Monday, July 23, 2007
*Diet Coke Madness!*
So, I received some amusing emails regarding my earlier Diet Coke posting. The first, and by far the funniest, was from my most favorite man in Bucksport, Maine.
He says, "The diet coke thing is simple. The rest of the world had coke lite (and it is disgusting everyplace) only to make America look so good. All the rest of the world buys it, but you can always get a smile when you see an American have their first taste of the crap. The expression could be used by movie directors to teach actors the look of losing their best friend. It is even intensified if the traveling American has gone a few weeks without diet coke."
This is the best description EVER! I laughed out loud and that rarely happens from an email!
The close second was more practical from one of may bad ass girlfriends, who has recently returned from a tour in Iraq and knows my pain firsthand:
She says, "I can totally relate about Middle East diet coke. My solution was switching to Diet Pepsi which is a LOT better. The stuff we had has Turkish on it and it said "Harika Tat." We all actually started calling it "Harika tat." Take the pepsi challenge and report back to me."
Now, I took the Pepsi challenge and it has spawned another new dilemma (that's about par for most things in my life)
While this turned out to be a more fabulous picture of my manicure, that label also state, "NOT TO BE USED BY PHENYLKETONURICS" I am a little germaphobic so I instantly wikipedia-ed "Phenylketonuria"
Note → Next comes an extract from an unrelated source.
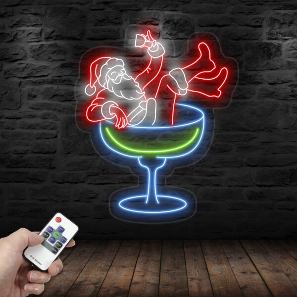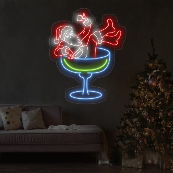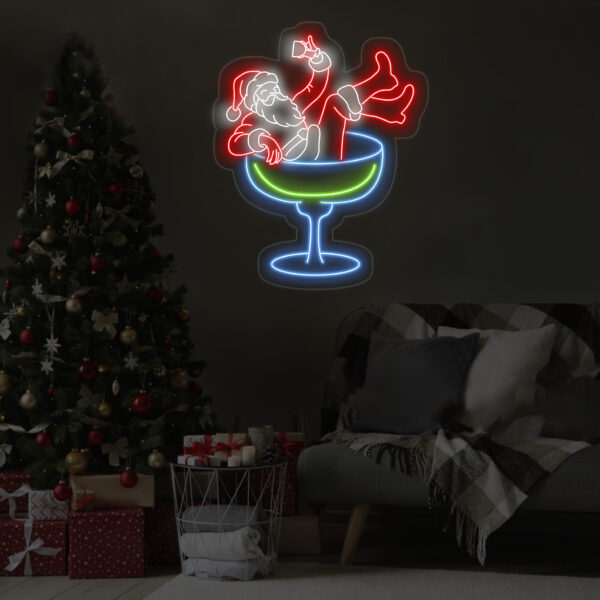 Santa Drinking Martini Neon Sign – Merry Christmas LED Light, Santa Claus Neon Sign, Martini Cocktail Wall Art, Festive House Wall Decor

I am assuming that I do not have this recessive gene since I have been drinking diet soda here for awhile. Did I miss something? Is this on labels at home? On a post script, the Pepsi is much better but still drastically different from the US. I am just going to have to get over it as it is one of the few things that isn't nice over here
Semi Charmed Life
On Friday, I went to the mall to buy some camping gear (Don't ask) and called for a taxi. A Mercedes shows up and takes me to the mall. Sadly, this is when I realized that my life is not normal. It is fake because there is no way I could afford my lifestyle in a first world country but abnormal for the moment. Last night, I went to get my nails done and again, rode to my mundane errand in a spiffy Lexus!! I am trying to avoid getting used to this as "service" in the US has a completely different meaning.
On a less self-involved note, on Saturday, I became the neighbor of the World's Tallest Building, Burj Dubai. As they completely the 141st floor on Saturday, the "Burj" surpassed Taiwan's 508m (1,667ft) Taipei 101 Building. They will not say how tall they are making the Burj because there is some industry competition or whatever weird thing architects do to compete with each other. So, if I hear anything, I will be sure you all are the first to know.
Monday, July 16, 2007
There is no excuse
1) I am lazy. I never finish anything. Right now, I have started 8 entries and not one has been completed!! (Such a slacker!)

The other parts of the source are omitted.